木村 アカデミーで行っている座学の部分をオンライン配信できるようにしたいんです。ウチで展開している社団法人に加盟している納棺士たちに対して効率的に知識の伝達ができるかなと。
川多 われわれは各地の事業者にライセンス供与して展開していきますが、その際、ネット配信を利用したり、スカイプで現場に指示を出したりできればと考えています。海外展開も考えているので、IT活用は積極的に進めていきたいですね。
石井 川多さんのところは海外進出を考えているなら、英語でサービスの特徴を説明したものを、動画サイトにアップしたほうがいいかもしれませんね。
川多 つい先日も、シンガポールや中国向けに、英語で資料を作ってほしいという要望が来ました。

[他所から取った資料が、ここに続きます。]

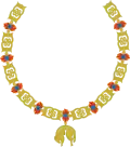 Das Wappen des Adelsgeschlechtes Zúñiga war ursprünglich: im roten Feld, ein Band in Gold.[8] Der König von Navarra Sancho VII. „der Starke“ stürmte in der Schlacht bei Las Navas de Tolosa (16. Juli 1212) mit seinen Rittern aus Navarra die Einzäunung, gebildet durch die „Schwarze Garde“, die angekettet den menschlichen Verteidigungswall des Almohaden-Kalifen Muhammed al-Nasir, bekannt als Miramamolin, bildete. Im feierlichen Gedenken dieses Sieges änderte er sein Wappen, das vorher einen schwarzen Adler („arrano beltza“ en Euskera) zeigte. Er führte nun auf rotem Feld eine Kette mit acht Gliedern in Gold (Gelb) als Borde und einen Smaragd im Zentrum. Die Kette stellt die, durch die „Schwarze Garde“ gebildete, Einzäunung dar, und der Smaragd dient als Symbol des Kalifen, bekannt durch den Beinamen „der Grüne“.[9][10][11][12]

石井 ある程度のレベルなら、クラウドソーシングでもできますしね。ただ、ウチも最初は外部のシステムを使っていましたが、全然やりたいことができなかったので結局は自社開発しました。

石井貴基(いしい・たかき)
1984年生まれ。北海道出身。福島大学経済学部卒業後、リクルートに入社。ソニー生命保険勤務を経て、2012年3月株式会社葵を創業し、誰でも無料で学べる中学生向けオンライン学習塾アオイゼミをリリース。
共通の地元、北海道への思い
-- 3人とも北海道出身ということですが、地元への思いみたいなものはありますか。
石井 北海道民はいい意味で楽観的な人が多く、しがらみがあまりないので、いろいろチャレンジしやすいかなと。一方で、東京と比べて情報格差があったり、ヒト、モノ、カネのリソースが少なかったりする部分はある気がします。
木村 私は2年前まで北海道にいたので、ゆくゆくは北海道で仕事したいという望みはあります。
川多 私は地元というより、やはり海外に進出したいという気持ちのほうが強いですね。北海道には開拓者精神がもともとありましたが、今はそうではなくなっている気がします。世界の中でも建築分野は日本とドイツが進んでいて、日本の中では北海道が最も進んでいます。海外に出ていき、われわれの優れた技術を世界に発信したいと思っています。

川多弘也(かわた・ひろや)
1967年生まれ。北海道出身。85年北海道電力入社。2008年に退職後、パッシブホームを含め3社の株式会社の経営に携わる。建物の光熱費を削減するパッシブ設計普及事業およびコンサルティングなどを行う。
-- 将来の1つの区切りとして2020年の東京オリンピックがありますが、その時までにどんな姿になっていたいと思いますか。
石井 ウチはベンチャーキャピタルが入っているので、IPOしているか潰れているかのどちらかでしょうね。20年ごろにはスマホで勉強するのが当たり前になっているでしょうから、問題はそこで覇権を取れているかどうか。日本の教育における経済格差をなくしたいということが起業の動機なので、そこを解消することに全力を注ぎたい。
木村 ウチは活動範囲をどこまで広げられているかということがポイントです。25年が高齢化のピークと言われているので、そこに向けてより良い人材を揃えていきたいと思います。今、海外で亡くなられる方はすごく多いので、遺体処置などのニーズが増えてくると思います。そこで、各国の学校と姉妹校提携を結び、遺体の受け入れ態勢をつくっていきます。
川多 われわれとしては、最低でも世界20カ国にはパッシブ工法を広めたいと思っています。人生一度きりですから、海外でどこまでできるか、試してみたいです。